Dad wanted us to know his life history, and to learn from it. He left some voice interview recordings to Yang. Later I tried too, however that was in the last several years of his life and he tended to circumvent and some memory had left him. These are in the archives waiting to be edited. 


This is from dad’s autobiography in Chinese, recorded and edited by 王錫鈞, My part is adding photos, making it into a book form, published online too in blurb, March 2009. (Dad passed on March 8, 2014 at age 92). One can purchase that edition from blurb.com or view from the Blog. I am not sure when it can be translated to English and I think it is important for me to write down my understanding of his life before I lose it too. The autobiography was done in his 70s, one can be amazed by his memory. 


  • Dad lives life the best he can, no matter how bad/good the circumstance is. 

  • He always thinks to create opportunities for others and help them in whatever he can.

  • He treats people fairly, keeps his promises, and focuses on his work. He  appreciates and remembers people’s kindness

  • He gets help in return


I am not sure what I would do in his shoes.

 

  1. He is an ordinary person, finding himself in this cruel war trying to survive.

  2. He is not in the army or resistance force to fight the Japanese. Should he or could he? 

  3. A “passionate” young man, supposedly an honorable man, put a pistol on the table and asked for help. Dad gave $50, not told but knew he was helping a resistance force. 

  4. He managed a Japanese plantation and pasture supplying raw material to the war under Japanese control. That is a more secure place to be and he can make enough to survive.

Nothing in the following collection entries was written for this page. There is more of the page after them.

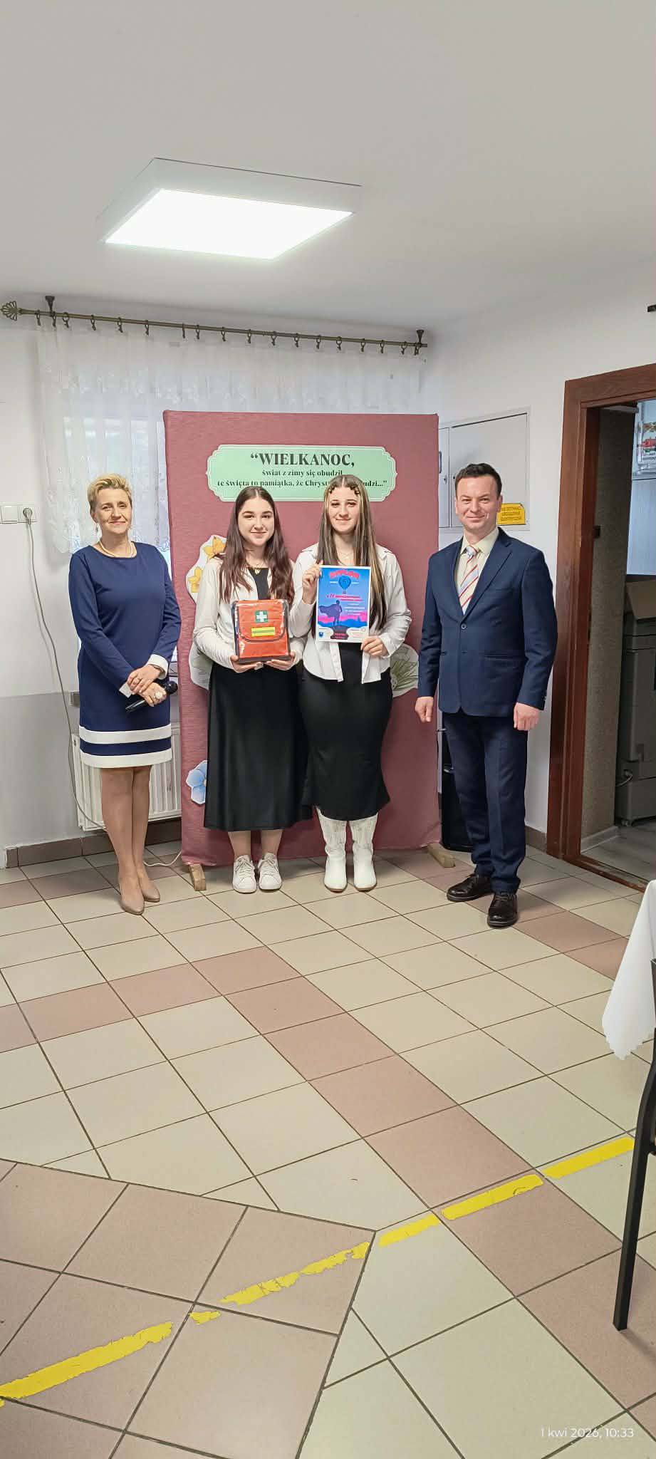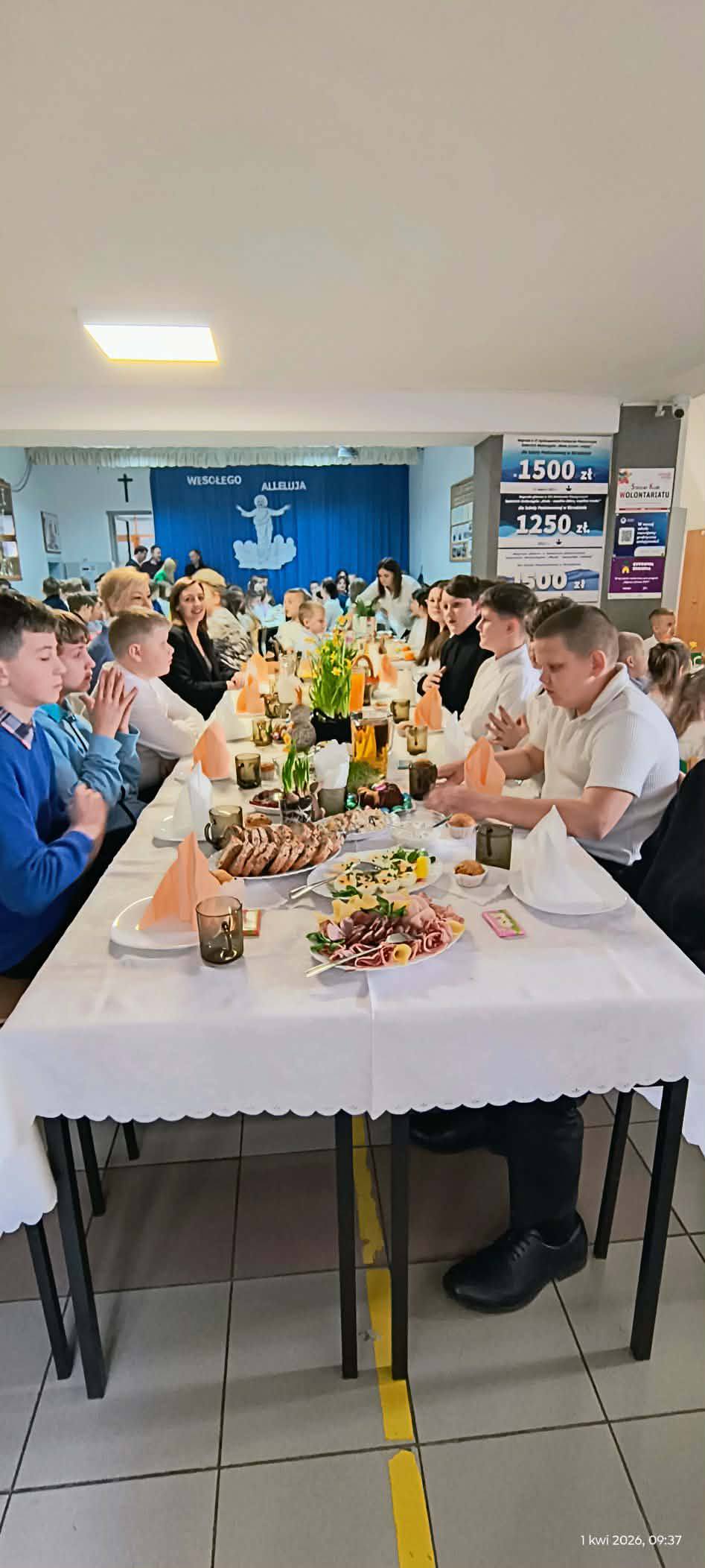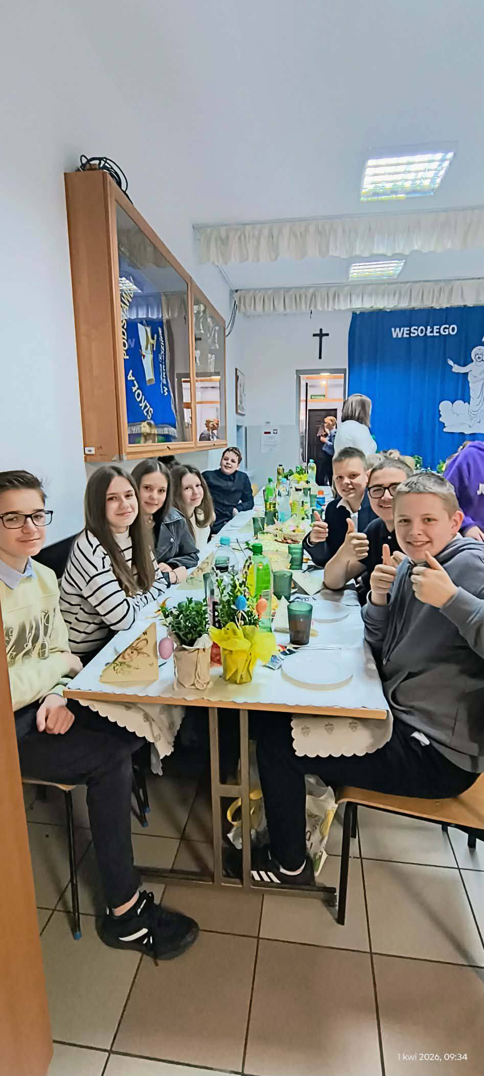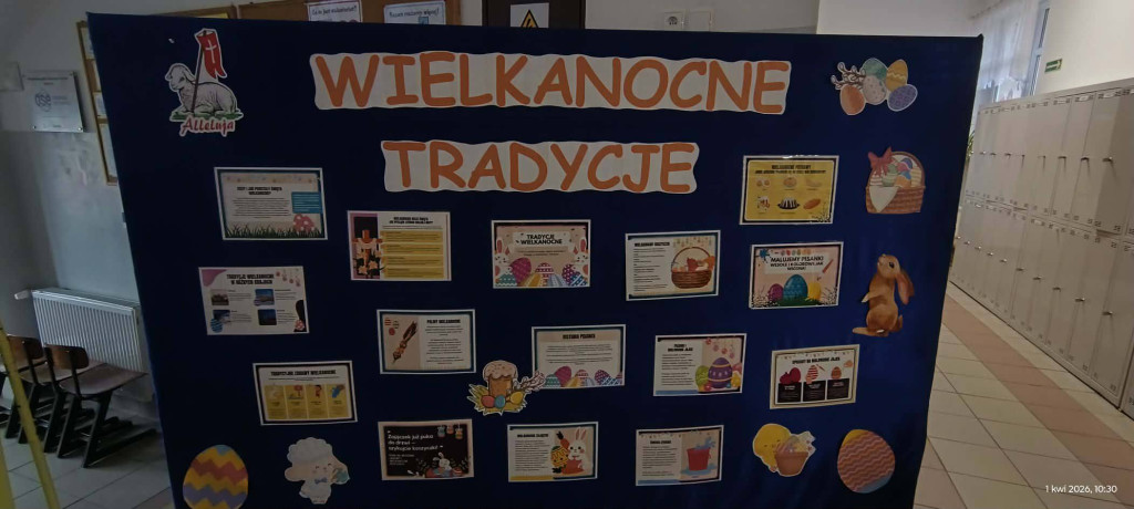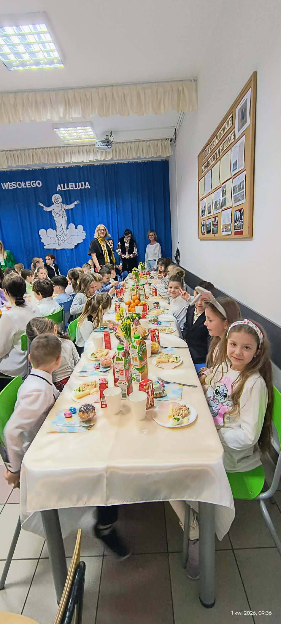 1 kwietnia 2026 r. w naszej szkole odbyło się uroczyste śniadanie wielkanocne, w którym wzięła udział cała społeczność szkolna – uczniowie, nauczyciele i pracownicy oraz rodzice. Spotkanie miało wyjątkowo radosny i świąteczny charakter. Stoły zostały pięknie udekorowane, a na nich znalazły się tradycyjne potrawy wielkanocne. Poczęstunek został przygotowany przez rodziców, którym serdecznie dziękujemy za zaangażowanie i włożony trud. Wspólne świętowanie było okazją do integracji oraz kultywowania tradycji. Pod koniec uroczystości wyróżniono uczniów w szkolnym konkursie na najpiękniejszą kartkę wielkanocną oraz pogratulowaliśmy uczestnikom gminnego konkursu szachowego oraz powiatowego konkursu z pierwszej pomocy. Za uroczystość odpowiedzialna była pani Małgorzata Pierzchała.
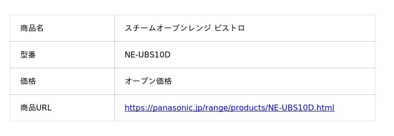 <商品情報>スチームオーブンレンジ ビストロ NE-UBS10D
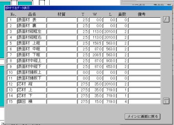 | ◆各芯材の寸法データ、員数を拾い出します。 |
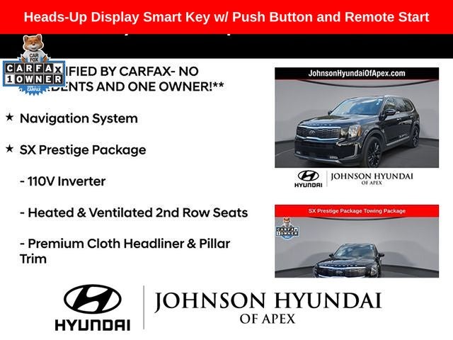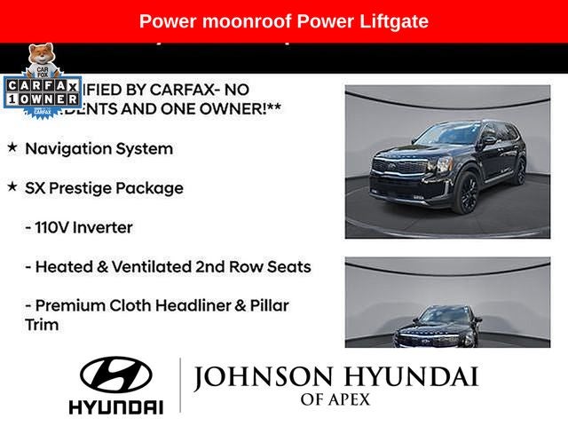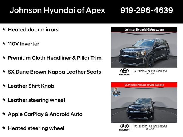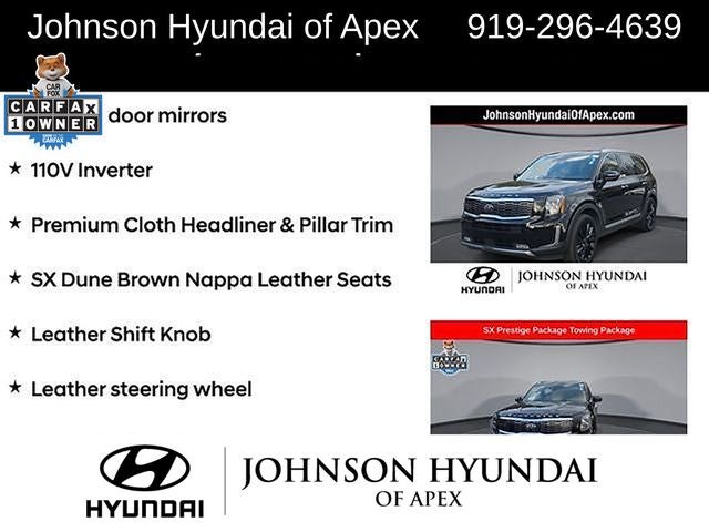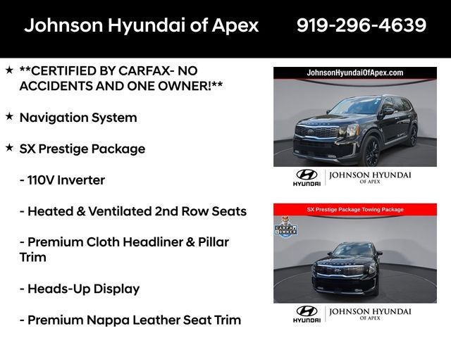 **CERTIFIED BY CARFAX- NO ACCIDENTS AND ONE OWNER!**, 110V Inverter, Apple CarPlay & Android Auto, Auto-dimming Rear-View mirror, Automatic temperature control, Front dual zone A/C, Front fog lights, Fully automatic headlights, Garage door transmitter: HomeLink, Heads-Up Display, Heated & Ventilated 2nd Row Seats, Heated & Ventilated Front Bucket Seats, Heated door mirrors, Heated steering wheel, Leather Shift Knob, Leather steering wheel, Memory seat, Navigation System, Power Liftgate, Power moonroof, Premium Cloth Headliner & Pillar Trim, Premium Nappa Leather Seat Trim, Radio: AM/FM/SIRIUS Premium Audio, Rain-Sensing Front Windshield Wipers, Rear air conditioning, Reclining 3rd row seat, Self Leveling Rear Suspension, Smart Key w/ Push Button and Remote Start, SX Dune Brown Nappa Leather Seats, SX Prestige Package, Telescoping steering wheel, Tow Hitch w/Harness (TOF), Towing Package, Wheels: 7.5 x 20 Black Finish Alloy.
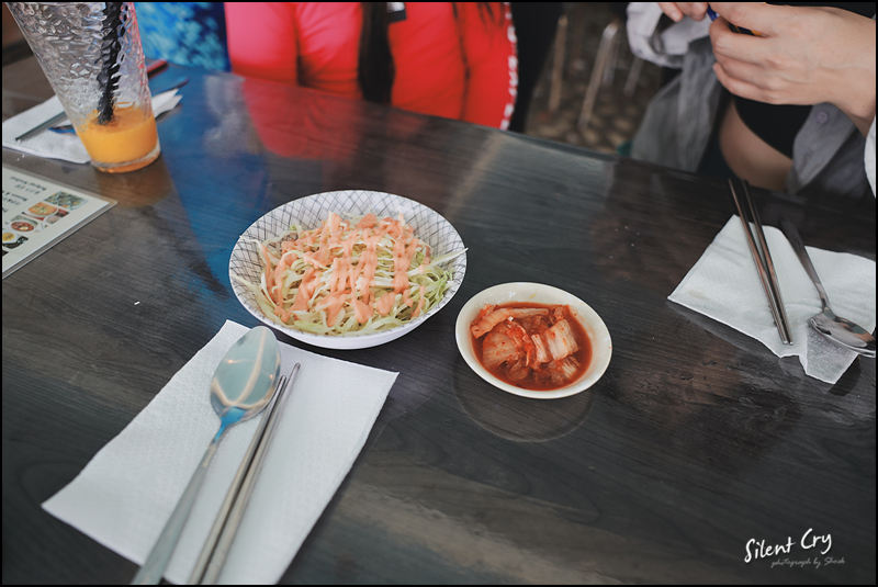 밑반찬으로 김치와 양배추샐러드가 나온다.
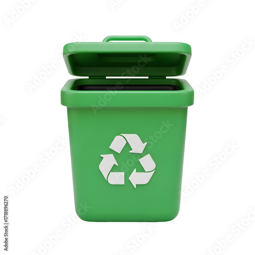 Green Recycling Bin with Open Lid and Recycling Symbol, Transparent Background
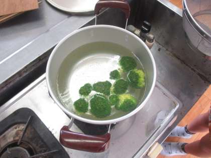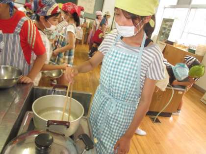 先日の家庭科の学習で、水からゆでるものやお湯からゆでるものを学習しました。にんじんは水からゆでるので、その残り湯で、湯からゆでるキャベツをゆでます。この手順もしっかり教科書で確認したので、上手にできていましたね。
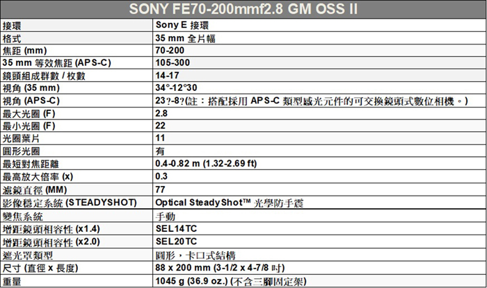FE 70-200mm F2.8 GM OSS II變焦鏡*(平行輸入) |
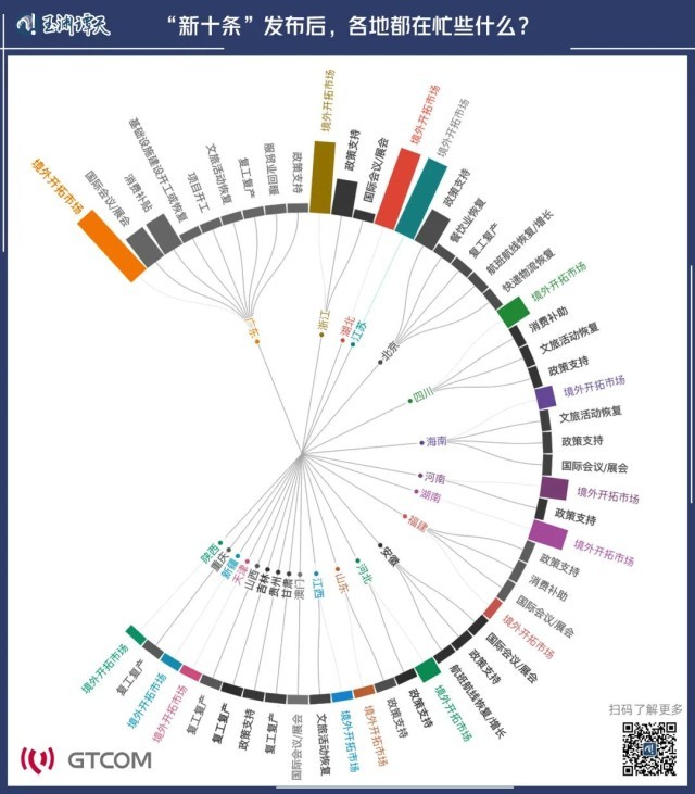 通過對(duì)公開數(shù)據(jù)的挖掘,我們發(fā)現(xiàn),在“新十條”發(fā)布后,有至少23個(gè)省市出臺(tái)了支持企業(yè)境外拓展市場(chǎng)的政策。
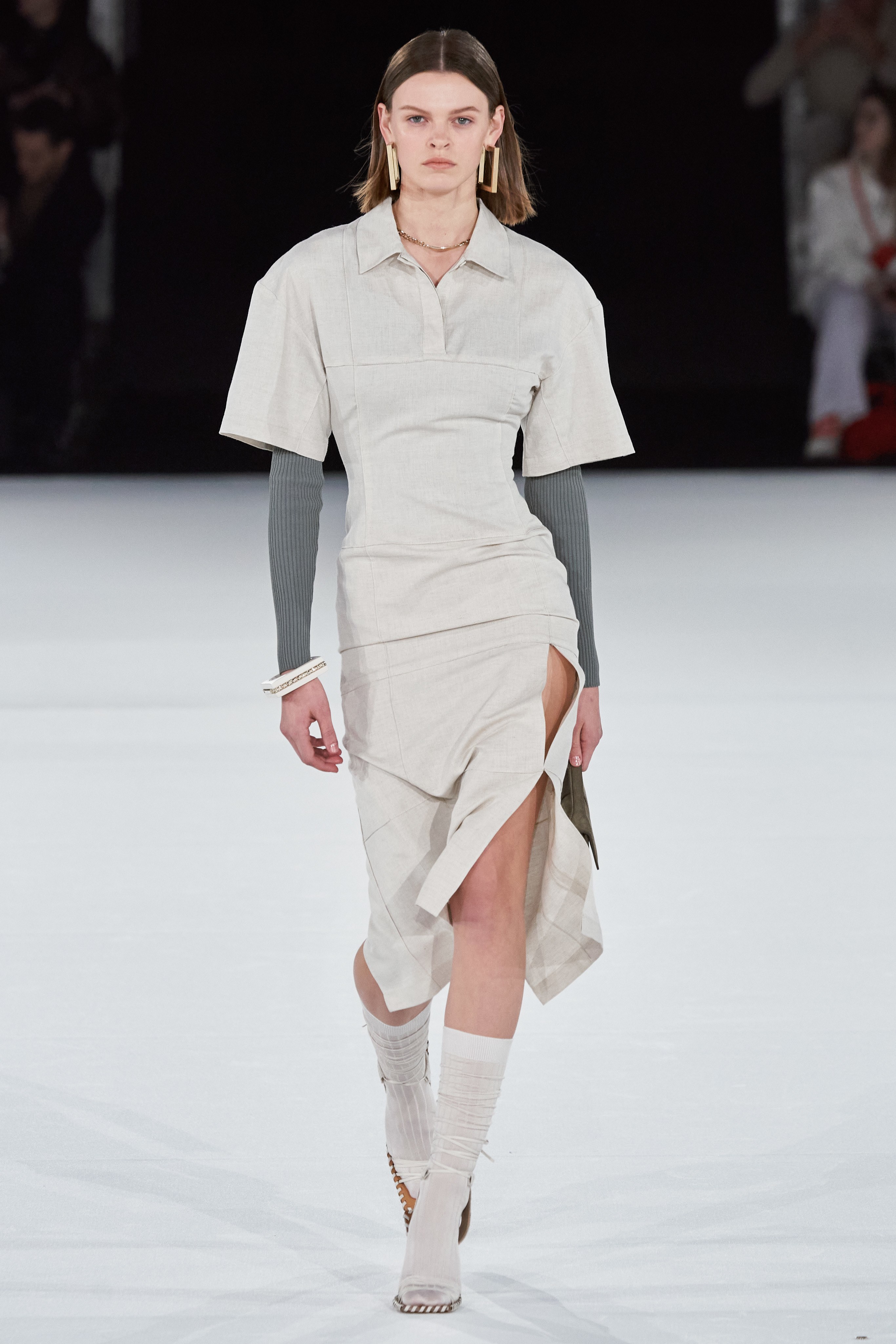 Жакмюс задал тон всему следующему сезону — все женские образы были выполнены в разных оттенках бежевого. К цветовой палитре дизайнер также добавил песочный, нежно-голубой, темно-синий, светло-серый, хаки и яркие вспышки малинового, розового и сиреневого.
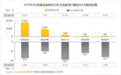 市场不断教育之下,智能设备行业近年来保持高速增长态势。QuestMobile数据显示,继2021年首次突破2亿大关后,智能设备行业月活跃用户规模截至2021年9月已超2.5亿人,同比增长达26.4%。特别是2021年3月,智能设备行业月活跃用户规模出现明显提升,同比增长高达70.6%。
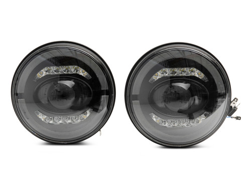 A pair of Axial LED Headlights is an excellent way to add modern styling to your 2007-2018 JK Wrangler. These Projector style Headlights feature LED halo and accent lights to give your JK an updated appearance. Utilizing a projector lens design, these Axial Headlights will light up the road ahead with a bright focused beam for better nighttime visibility. While the integrated LED halo accents will ensure that you are visible day or night by distracted drivers. Raxiom manufactures its headlights to precise standards from OEM quality materials. These Projector Headlights feature durable, black plastic housings with crystal clear polycarbonate lenses and modern LED accent lighting. Each housing weather is sealed to prevent dirt and moisture from harming the state of the art electronics. Axial designed its Projector Headlights to be a direct plug and play replacement for your Wrangler's original factory housings. There is no cutting or modifications required for a clean, straight forward install. However, it should be noted that you will need to remove the grille in order to gain access to the mounting bolts. These Axial LED Headlights are designed to fit 2007-2018 Jeep Wrangler JK models. Driver and passenger side lights are included.

  5. He fulfilled the job obligation, perhaps more. Everyone struggles just to survive. He looks out for his workers. The results win him some reasonable Japanese friends. They are the enemy but also are thrust into the war involuntarily (身不由己)。 

  6. The turncoat man (friend?) kidnapped him perhaps to fill his quota to justify his new job and then a Japanese officer (enemy?) rescued him. 


I quote the dollars from the book just to remind you how life was and how life is today. The minimum wage today, the living standard, and the way we live are so much different.


Dad survived, hundreds of similar nice people perished without a trace - those people who vanished may be stronger, more intelligent, better educated but somehow in the wrong place/wrong time, not lucky to have help in time. His life story teaches me about life and how best to live. I appreciate his wisdom more now. 

Each life is a raindrop falling on water, the ripples propagate and are felt forever.


This is what I wrote on his book in Chinese: 



https://www.blurb.com/books/591551-autobiography-of-foo-hong



我很高興家父能將他一生 的經歷寫下來給我們共享。在他們那個大苦難的時代,他靠著一顆善良,克苦耐勞,努力向上,愛人如己的心去處世。得到許多親友的幫助,也幫助不少人。要不是那個環境的限制,他一生的成就肯定會更不一樣。

封底的回教堂是他五十年代的傑作,五十年后還是那麼聖嚴。他念念不忘祖國,幸幸苦苦的和媽媽把我們六兄妹扶養成人,讓我們站在他們的肩膀上,看的更遠。封面書頁上的圖片,是他以磁磚切割拼接而成的墻飾,可以想像他一心為家為鄉的情懷。

他整理家鄉,同時接合在新加坡重印的族譜,親自把七十三代的祖先一一找出來。重抄《朱柏盧治家格言》,《羅洪先醒世詩》就是要給我們做為借鏡。他極重友情,我本來想把他多年來的好友照片都印出來。可惜因為照片解析度不夠,只好作罷。

言輕意重,在此與你重溫家父的一生。